Tom Green on stand up, social media, and Trailer Park Boys

The Canadian comic’s Q&A with Emma Teitel

Tom Green. (Danny Moloshok/AP)

Tom Green, the man who brought you Freddy Got Fingered and the Bum Bum Song, has abandoned his traditional antics for a tour on stage. He’s got Canadian stand up shows lined up for the new year, as well as a role in the next Trailer Park Boys movie. Here he is, on all of that, below.

Emma Teitel: What are you wearing?

Tom Green: Blue jeans and a t-shirt. I’m just relaxing around the house. No need to dress up.

E.T. I’ve heard that you’re trying to get more “mainstream” and “sophisticated” with your comedy. What exactly does that mean? Less rodent tasting?

T.G. I wouldn’t use those words myself. I’m just talking [in my stand up] about issues and subjects that I think are relevant to people, and making jokes out of them: things like social media and technology. I’m making a point not to do a prop-driven, prank-driven show. It’s been a cathartic experience for me doing stand up because I like to interact with my audience.

E.T. Why social media?

T.G. I’m in a unique position because I’m 41 years old and I very clearly remember a different, Internet-free, cell-phone-free world. I’m so glad that I didn’t have that stuff at the time. I was always amazed by new technology, right back to when I was in high school–using computers to make music. All that stuff was brand new. When I was 15, I’d work a summer job to buy a new machine to make hip hop beats [with his rap group, Organized Rhyme.]

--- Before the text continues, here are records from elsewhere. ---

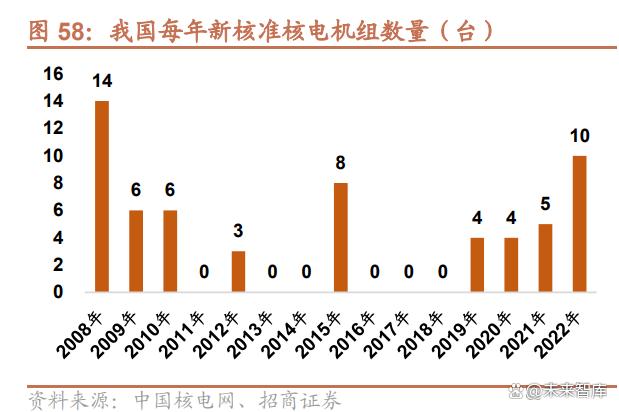 2021 年國家首次提出“積極有序發(fā)展核電”。同年,我國新增 5 臺核準(zhǔn)機(jī)組;2022 年新核準(zhǔn) 10 臺機(jī)組,核電審批和 開工節(jié)奏明顯提速。根據(jù)世界核協(xié)會,截至 2023 年 5 月,我國在運(yùn)+在建機(jī)組總數(shù)達(dá)到 77 臺,已經(jīng)超過法國,僅次 于美國。預(yù)計(jì)在未來 5 年間,中國將進(jìn)一步加快擴(kuò)大裝機(jī)規(guī)模,保持每年 6 至 8 臺核電機(jī)組的核準(zhǔn)開工節(jié)奏。
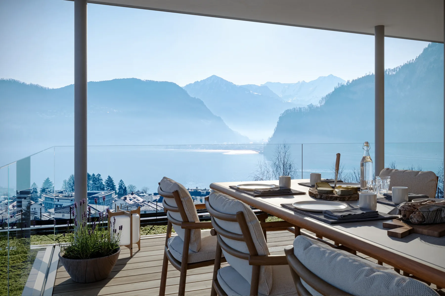 Bereits das einladende Entree vermittelt Grosszügigkeit und leitet harmonisch in den offen gestalteten Wohn-, Ess- und Kochbereich über. Dieser beeindruckt mit über 70 Quadratmetern Fläche, grossflächigen Fensterfronten und direktem Zugang zu den beiden Terrassen – die perfekten Orte für entspannte Stunden oder gesellige Abende.
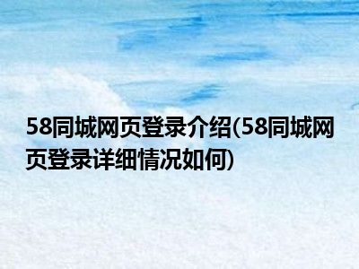 导读想必现在有很多小伙伴对于58同城网页登录方面的知识都比较想要了解,那么今天小好小编就为大家收集了一些关于58同城网页登录方面的知识分...

As soon as we started posting things online, getting the feedback from the public was interesting to me. But I was doing it because I was trying to get my comedy out there for people to see, and I could put up with all the positives and negatives [of public feedback.] Then all of a sudden Facebook comes along and people are posting a video because they can. Every single person is aware of every single person’s life. It creates a scary world. I like to make people laugh about things they’re actually worried about—make a funny situation out of something dark and scary.

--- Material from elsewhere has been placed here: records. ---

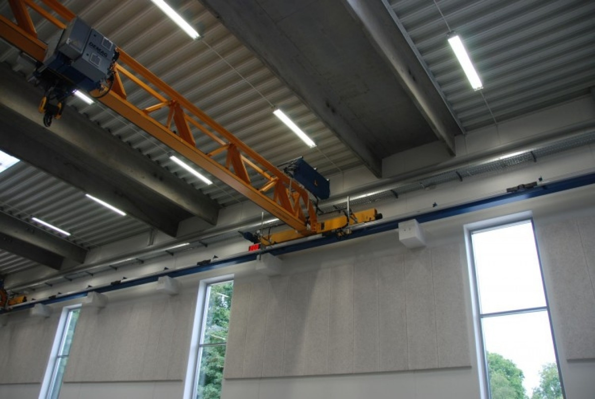 Den ene hal er bestykket med to portalkraner. Dvs. at der fuld krandækning, så hallen kan anvendes til produktion, lager mv.
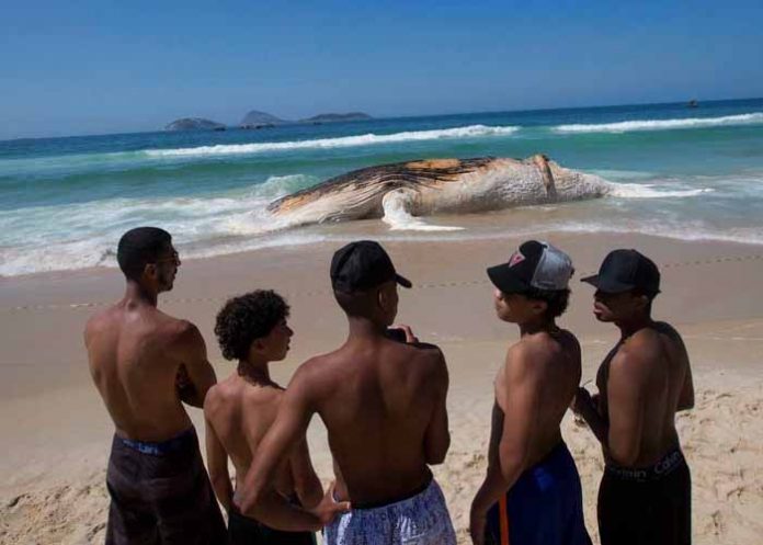 #AméricaLatina | Un grupo de personas observa una ballena?? de entre 13 y 15 metros que apareció muerta, frente a la turística playa?? de #Ipanema de #RíoDeJaneiro #Brasil ??@canaltn8 pic.twitter.com/eyxGFPlSBt
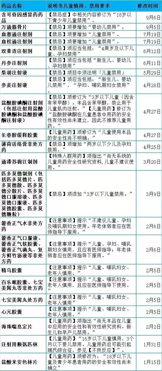 1月31日,原國(guó)家食藥監(jiān)總局發(fā)布《關(guān)于修訂注射用賴氨匹林說(shuō)明書(shū)的公告(2018年第11號(hào))》?!緝和盟帯宽?xiàng)修改為:16歲以下兒童慎用,3個(gè)月以下嬰兒禁用。
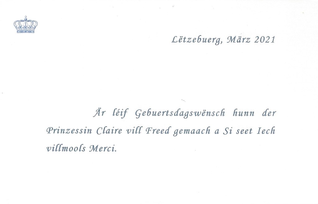 Royal response from Her Royal Highness Princess Claire of Luxembourg on the occasion of her 36th birthday.

E.T. How did you hook up with the Trailer Park Boys?

T.G. At the Montreal comedy festival a few years ago, we met up, had a few drinks, had some laughs. I’ve run into them several times since then. They asked me to be in their movie. That was really fun, I’m a big fan of theirs. We shot up in Northern Ontario. I’m playing myself in the movie; wasn’t much of a stretch. I knew the character pretty well.

E.T. Do you like Rush?

T.G. Yeah, of course. Every Canadian has to like Rush.

E.T. Favourite song?

T.G. Tom Sawyer, cause it’s got the name Tom in it.

E.T. If you could address the Canadian people en masse, what would you say?

T.G. Love and enjoy your Crispy Crunch bars and your Coffee Crunch bars and your Littlest Hobo reruns, and cherish those things. Embrace those things. It’s what makes you different.

E.T. Was the raccoon you sawed in half a real raccoon?

T.G. I don’t give away trade secrets.